SuaraJawaTengah.id - Vokalis band Letto sekaligus budayawan, Sabrang Mowo Damar Panuluh, menyuarakan kegelisahan mendalamnya terhadap kondisi bangsa yang ia sebut terjerat dalam "deadlock stupidity" atau kebuntuan kebodohan.
Setelah melakukan riset personal selama 14 tahun, ia membeberkan pandangan tajamnya yang berayun antara pesimisme dan secercah harapan yang tak terduga.
Dalam perbincangan panas di kanal YouTube Hendri Satrio Official, pria yang akrab disapa Noe Letto ini tak ragu menggunakan istilah keras untuk menggambarkan stagnasi yang menurutnya melanda Indonesia.
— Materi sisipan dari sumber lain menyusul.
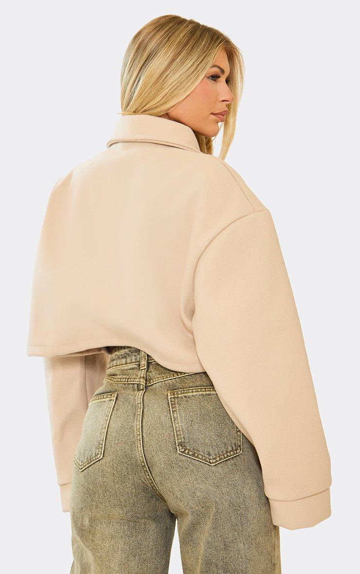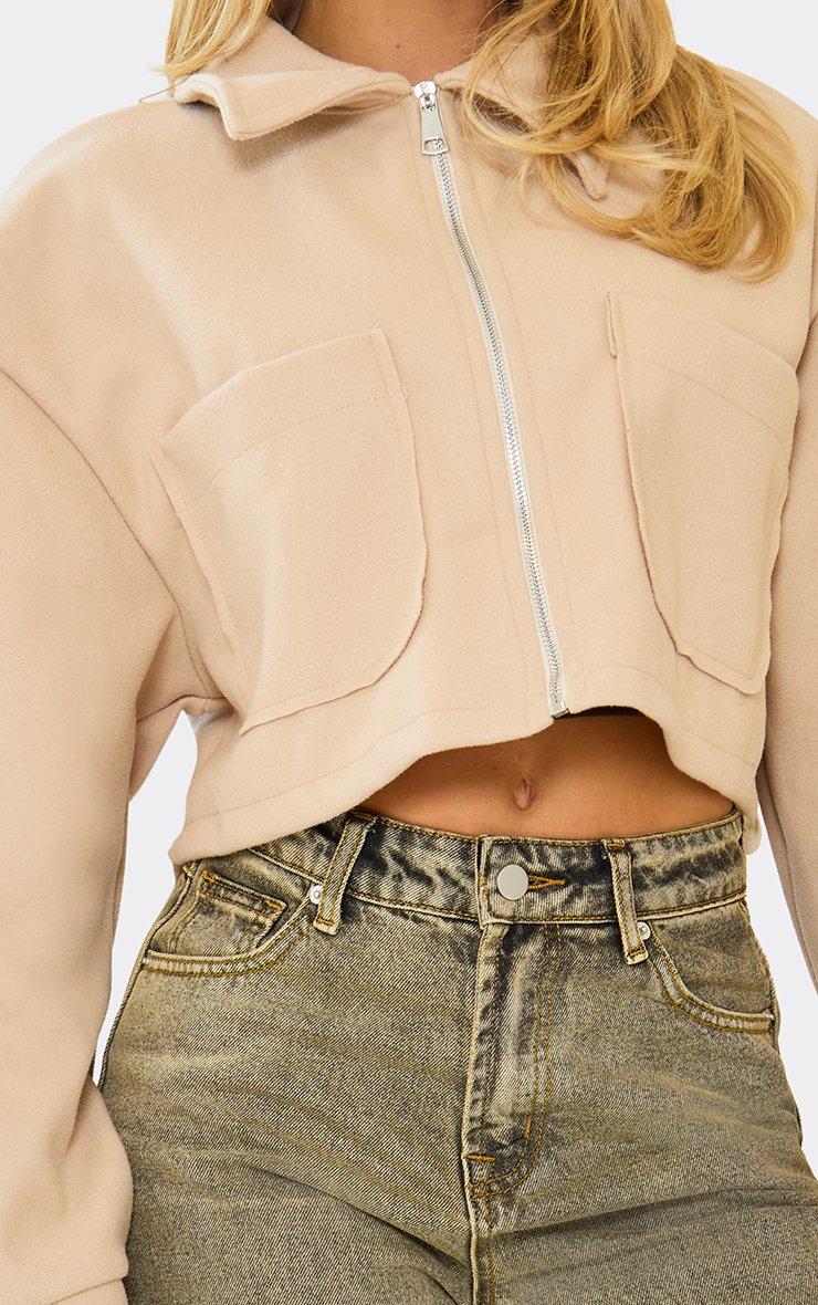 Long Sleeve Pocket Detail Cropped Jacket In Stone Faux Suede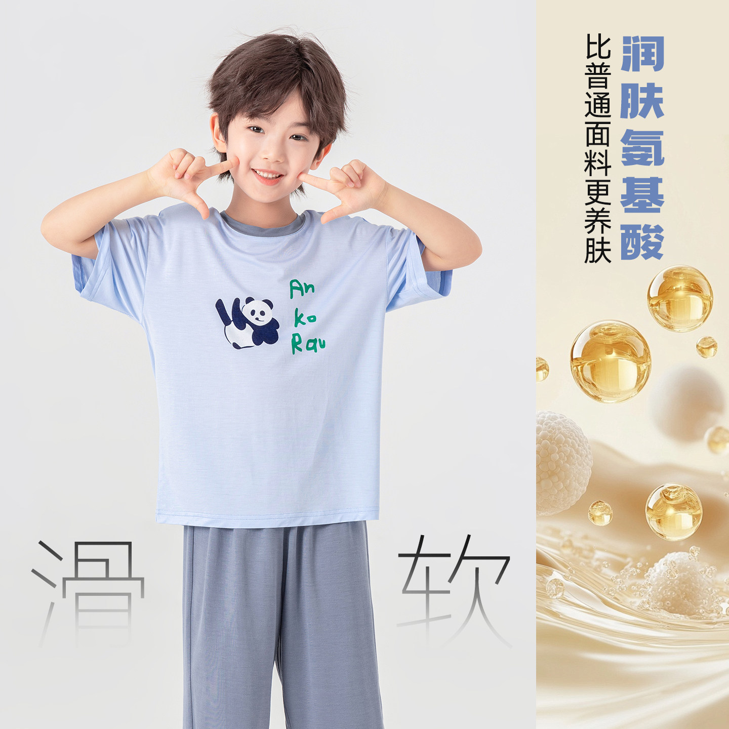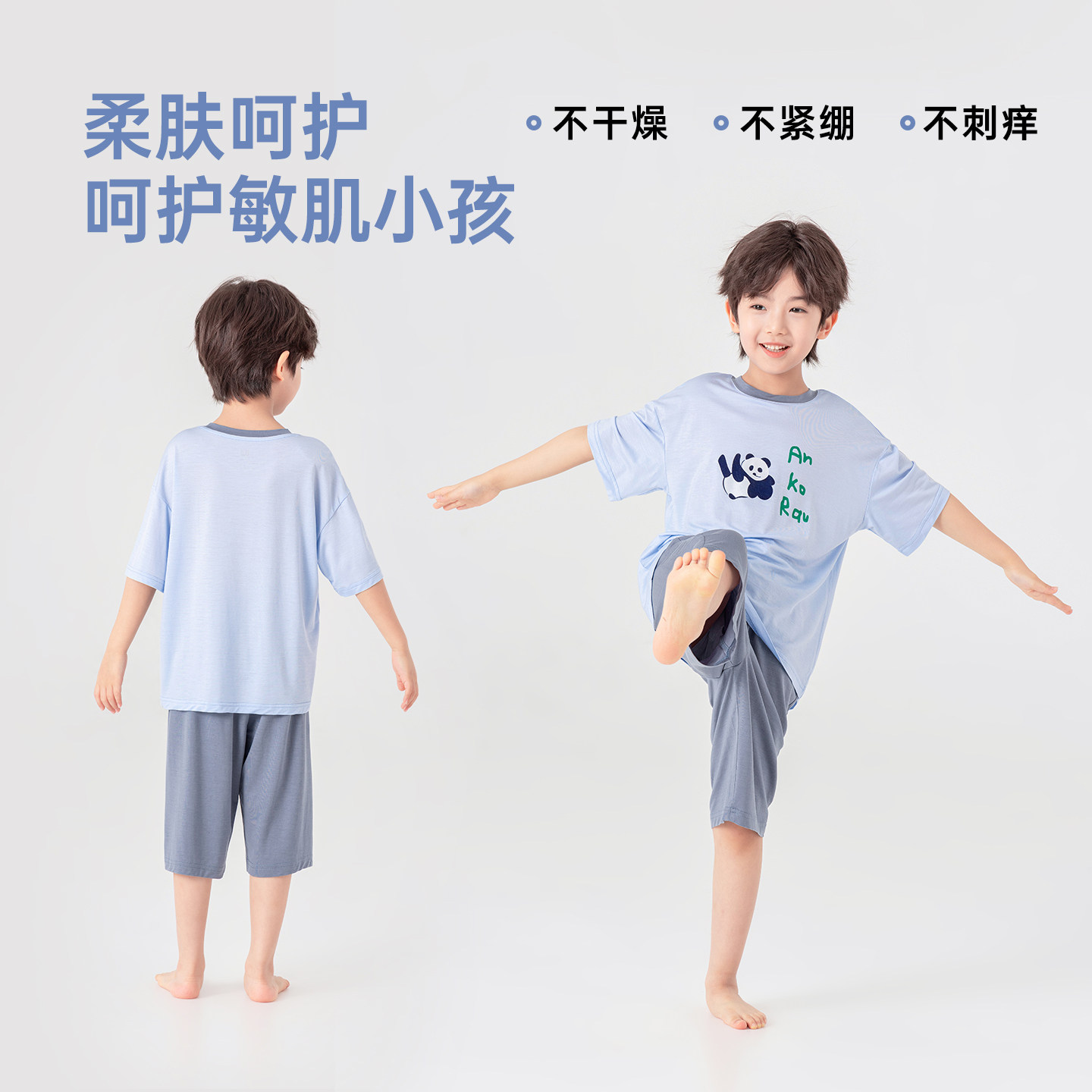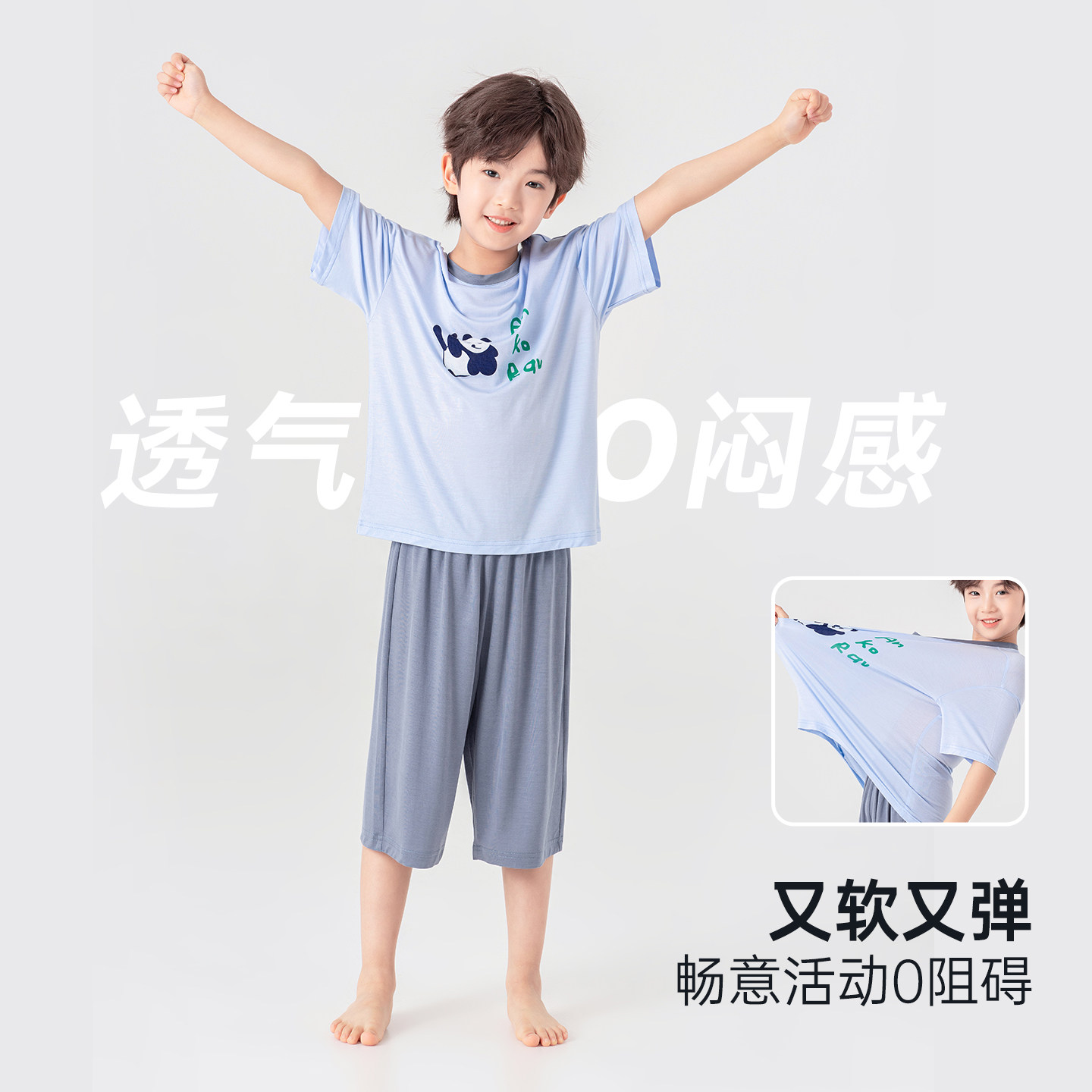 多多家男童家居服套装抗起球2026新款夏季夏装儿童男孩短袖短裤潮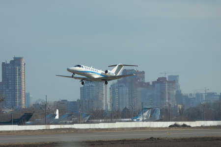 Kiev, Ukraine - March 24, 2011: Cessna 525B Citation Jet CJ3 is taking off from the airport with city on the background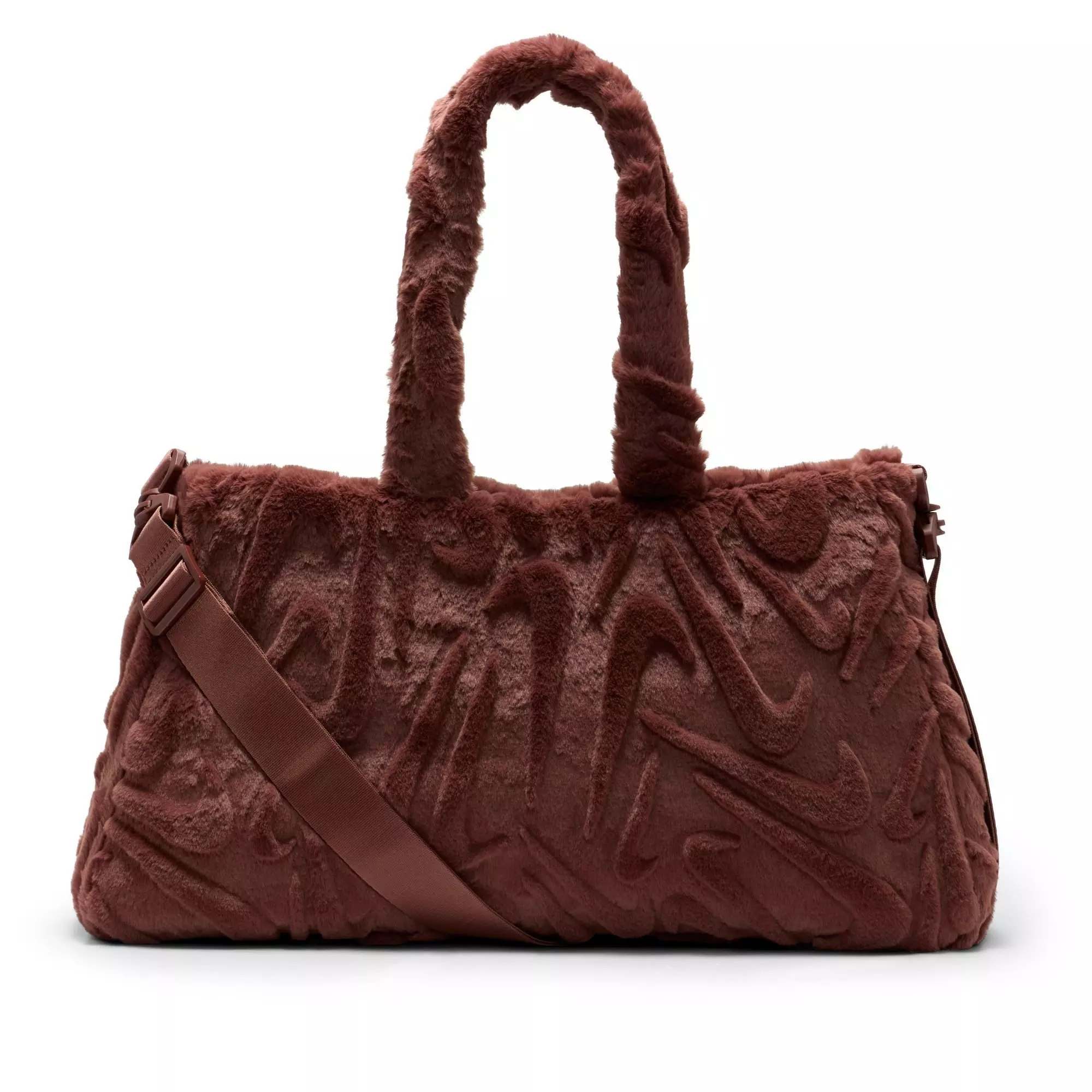 The Nike Sportswear Faux Fur Tote Bag features dual handles and an adjustable shoulder strap so you can carry it at your side or over your shoulder. Soft maroon faux fur dresses up any outfit while the spacious interior keeps personal items secure and accessible.

Baginya, ini bukan sekadar kritik sesaat, melainkan buah dari pencarian panjang yang nyaris membuatnya menyerah.
Baca Juga:Toyota Hilux Rangga, Mobil Ganteng Kelas Angkutan Barang
Riset 14 Tahun Berujung Putus Asa

Sabrang mengungkapkan bahwa perjalanannya memahami akar masalah bangsa adalah sebuah maraton intelektual dan spiritual yang menguras energi. Selama 14 tahun, ia mencoba memetakan masalah untuk menemukan jalan keluar dari kebuntuan sistemik yang ada.
Upayanya bahkan sampai pada titik keputusasaan yang mendalam. Ia mengaku sempat berkeliling ke makam-makam para wali, raja, dan leluhur nusantara selama setengah tahun hanya untuk mencari jawaban atas kebuntuan tersebut.
"Sempat putus asa karena tidak menemukan jalan keluar," aku Sabrang, menggambarkan betapa peliknya simpul masalah yang ia temukan.
Keputusasaan ini, menurutnya, muncul dari kesadaran bahwa ekosistem berbangsa di Indonesia bergerak ke arah yang terus menurun, sebuah prediksi yang telah ia sampaikan sejak sebelas tahun lalu dan kini dirasanya semakin terbukti.
Baca Juga:Waspada! Angin Kencang Berpotensi Hantam Pesisir Selatan Jawa Tengah, BMKG Ungkap Penyebabnya
Harapan dari Teknologi yang Belum Dikuasai Oligarki
Namun, di tengah awan gelap pesimisme itu, Sabrang melihat seberkas cahaya. Harapan itu, ironisnya, tidak datang dari elite politik atau sistem yang ada, melainkan dari disrupsi teknologi.
Menurutnya, kemunculan teknologi-teknologi baru yang belum sepenuhnya berada dalam genggaman dan kontrol oligarki membuka peluang masif untuk perubahan.
Teknologi ini menjadi variabel baru yang bisa mengacak-acak peta permainan yang sudah mapan dan dikuasai segelintir pihak.
"Ini seperti bumbu baru yang bisa menciptakan ribuan masakan baru," ujar Sabrang menganalogikan. Ia meyakini, inovasi yang bergerak liar di luar kendali kekuatan dominan memiliki potensi untuk membongkar stagnasi politik dan sosial, memberikan ruang bagi solusi-solusi yang sebelumnya tak terpikirkan.